Regardless, the fundamental problem with your argument besides trying to prop up a poor definition of 'job' is that you're conflating needing any job with needing a particular job. Lots of people are doing the job they want to be doing. Lots of people have other choices.
> Quite frankly, I see people with your attitude as the real bad ones to work for. Expecting people to have a work ethic beyond what you pay them for, or to pretend to be passionate about whatever you're selling, these are the real red flags you should look out for when applying to a job. Not someone expecting you to do what you're told. I am exchanging my labour for money, and I think both parties understanding that is the bedrock of good professional relationship.
We definitely do not have the same definition of 'work ethic' if this is what you took from my words.
This is a lovely anecdote, but practically speaking most people do not have such enjoyable jobs. The world needs septic tank specialists and web developers and telephone sanitisers and accountants. Most of the things that need doing aren't all that desirable to do on their own. This is not to say that you can't take joy in doing them anyway, after all one must imagine Sisyphus happy, but merely that given ultimate choice, most people would not choose their current working arrangement.
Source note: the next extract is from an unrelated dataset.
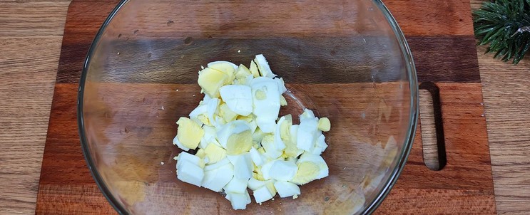 - Яйця відварюємо та нарізаємо дрібними шматочками, подрібнюємо зелень.

For instance within the field of programming, most people probably have something else they'd rather work on than what they do for living. Your millionaire waitress probably wouldn't want to work behind the fryer at MacDonalds.
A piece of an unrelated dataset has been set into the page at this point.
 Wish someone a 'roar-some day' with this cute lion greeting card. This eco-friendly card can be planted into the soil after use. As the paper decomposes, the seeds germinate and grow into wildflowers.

> We definitely do not have the same definition of 'work ethic' if this is what you took from my words.
Clearly. In my view, work ethic is unrelated to enjoyment of your job. Someone with a good work ethic would be willing to do jobs that they don't enjoy, and would complete them at a similar standard to the work they do enjoy. It's easy to have a good work ethic when doing something you want to do; the real test of it is the things you don't want to do.
You are following that up by, I guess, trying to convince me that I should ignore my experiences in favor of your reductive arguments that are based largely on definitions that I don’t agree on in the first place.
What are we even doing here?
What you experience internally is not evidence of what “the real world” is actually like. You may very well have an amazing work ethic and view your jobs as strictly transactional (and that’s irrespective of enjoyment which is reductive of the many reasons people want to do their jobs). Honestly, I believe that about you. But that internal view is far from universal regardless of work ethic.
I understand you’ve convinced yourself that the UBI and other hypotheticals are proof but they’re only proof if you’re already subscribed to those reductive views. “Wants” don’t work that way and if they did we’d be able to reduce them further and say that people do want to do their jobs evidenced by the fact that they do them.